In order to plan for the transition from today’s cryptosystems to an era of PQC, it's important the size and performance of a future quantum computer that could likely break current cryptography algorithms is carefully characterized. Yesterday, we published a preprint demonstrating that 2048-bit RSA encryption could theoretically be broken by a quantum computer with 1 million noisy qubits running for one week. This is a 20-fold decrease in the number of qubits from our previous estimate, published in 2019. Notably, quantum computers with relevant error rates currently have on the order of only 100 to 1000 qubits, and the National Institute of Standards and Technology (NIST) recently released standard PQC algorithms that are expected to be resistant to future large-scale quantum computers. However, this new result does underscore the importance of migrating to these standards in line with NIST recommended timelines.

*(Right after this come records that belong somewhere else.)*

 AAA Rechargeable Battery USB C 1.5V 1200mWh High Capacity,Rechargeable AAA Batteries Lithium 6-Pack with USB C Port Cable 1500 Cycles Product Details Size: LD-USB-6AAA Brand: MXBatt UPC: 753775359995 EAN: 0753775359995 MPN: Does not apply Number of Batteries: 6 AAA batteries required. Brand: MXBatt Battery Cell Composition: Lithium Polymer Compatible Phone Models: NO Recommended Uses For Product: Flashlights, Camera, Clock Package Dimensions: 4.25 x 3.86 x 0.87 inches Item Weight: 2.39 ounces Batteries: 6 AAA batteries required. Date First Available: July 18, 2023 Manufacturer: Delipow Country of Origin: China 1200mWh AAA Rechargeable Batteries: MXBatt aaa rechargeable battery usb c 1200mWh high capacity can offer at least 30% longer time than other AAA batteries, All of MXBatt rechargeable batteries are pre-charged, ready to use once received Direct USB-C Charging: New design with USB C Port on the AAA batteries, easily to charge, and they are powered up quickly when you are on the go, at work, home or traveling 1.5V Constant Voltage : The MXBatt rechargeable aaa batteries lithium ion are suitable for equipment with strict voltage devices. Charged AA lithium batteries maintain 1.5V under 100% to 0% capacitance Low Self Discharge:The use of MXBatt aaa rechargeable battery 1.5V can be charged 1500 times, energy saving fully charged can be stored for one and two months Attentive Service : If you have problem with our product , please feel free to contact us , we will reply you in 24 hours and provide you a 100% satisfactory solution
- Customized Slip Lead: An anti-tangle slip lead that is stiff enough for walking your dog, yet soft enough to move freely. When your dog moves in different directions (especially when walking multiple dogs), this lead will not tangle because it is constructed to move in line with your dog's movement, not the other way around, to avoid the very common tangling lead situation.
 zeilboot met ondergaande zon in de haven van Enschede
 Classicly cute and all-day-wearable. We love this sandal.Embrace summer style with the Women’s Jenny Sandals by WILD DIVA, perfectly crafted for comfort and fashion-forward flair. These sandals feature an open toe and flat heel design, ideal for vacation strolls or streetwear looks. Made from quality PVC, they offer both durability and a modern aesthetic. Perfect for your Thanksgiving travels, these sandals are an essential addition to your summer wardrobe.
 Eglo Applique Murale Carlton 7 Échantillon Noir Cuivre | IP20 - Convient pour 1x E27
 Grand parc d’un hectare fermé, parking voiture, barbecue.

Estimated resources for factoring have been steadily decreasing
Quantum computers break RSA by factoring numbers, using Shor’s algorithm. Since Peter Shor published this algorithm in 1994, the estimated number of qubits needed to run it has steadily decreased. For example, in 2012, it was estimated that a 2048-bit RSA key could be broken by a quantum computer with a billion physical qubits. In 2019, using the same physical assumptions – which consider qubits with a slightly lower error rate than Google Quantum AI’s current quantum computers – the estimate was lowered to 20 million physical qubits.
Historical estimates of the number of physical qubits needed to factor 2048-bit RSA integers.

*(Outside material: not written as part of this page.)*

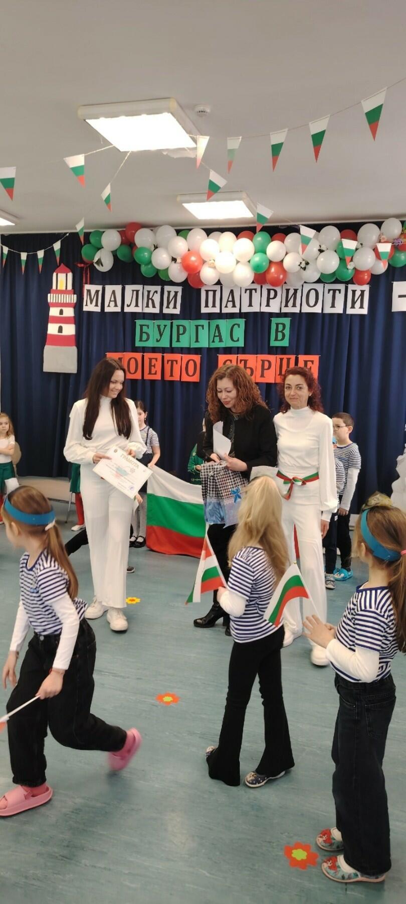 В ДГ „Раковина“ се проведе вдъхновяваща детска викторина на тема „Малки патриоти – Бургас в моето сърце“, организирана от Община Бургас и Цeнтър за подкрепа на личностното развитие – Бургас, която събра децата в едно вълнуващо пътешествие из историята, символите и красотата на родния град Бургас. Събитието премина в дух на сътрудничество, емоции и радост, като насърчи у децата любов към родния край и уважение към неговото минало и настояще. Участие взеха децата от трета група „Чайки", четвърта група „Морски перли“ и четвърта група „Морски звезди“. Специален гост на събитието бе г-жа Кичка Стефанова – директор на Център за подкрепа на личностното развитие – Бургас

This result represents a 20-fold decrease compared to our estimate from 2019
The reduction in physical qubit count comes from two sources: better algorithms and better error correction – whereby qubits used by the algorithm ("logical qubits") are redundantly encoded across many physical qubits, so that errors can be detected and corrected.
On the algorithmic side, the key change is to compute an approximate modular exponentiation rather than an exact one. An algorithm for doing this, while using only small work registers, was discovered in 2024 by Chevignard and Fouque and Schrottenloher. Their algorithm used 1000x more operations than prior work, but we found ways to reduce that overhead down to 2x.
On the error correction side, the key change is tripling the storage density of idle logical qubits by adding a second layer of error correction. Normally more error correction layers means more overhead, but a good combination was discovered by the Google Quantum AI team in 2023. Another notable error correction improvement is using "magic state cultivation", proposed by the Google Quantum AI team in 2024, to reduce the workspace required for certain basic quantum operations. These error correction improvements aren't specific to factoring and also reduce the required resources for other quantum computations like in chemistry and materials simulation.
Security implications
NIST recently concluded a PQC competition that resulted in the first set of PQC standards. These algorithms can already be deployed to defend against quantum computers well before a working cryptographically relevant quantum computer is built.
To assess the security implications of quantum computers, however, it’s instructive to additionally take a closer look at the affected algorithms (see here for a detailed look): RSA and Elliptic Curve Diffie-Hellman. As asymmetric algorithms, they are used for encryption in transit, including encryption for messaging services, as well as digital signatures (widely used to prove the authenticity of documents or software, e.g. the identity of websites). For asymmetric encryption, in particular encryption in transit, the motivation to migrate to PQC is made more urgent due to the fact that an adversary can collect ciphertexts, and later decrypt them once a quantum computer is available, known as a “store now, decrypt later” attack. Google has therefore been encrypting traffic both in Chrome and internally, switching to the standardized version of ML-KEM once it became available. Notably not affected is symmetric cryptography, which is primarily deployed in encryption at rest, and to enable some stateless services.
For signatures, things are more complex. Some signature use cases are similarly urgent, e.g., when public keys are fixed in hardware. In general, the landscape for signatures is mostly remarkable due to the higher complexity of the transition, since signature keys are used in many different places, and since these keys tend to be longer lived than the usually ephemeral encryption keys. Signature keys are therefore harder to replace and much more attractive targets to attack, especially when compute time on a quantum computer is a limited resource. This complexity likewise motivates moving earlier rather than later. To enable this, we have added PQC signature schemes in public preview in Cloud KMS.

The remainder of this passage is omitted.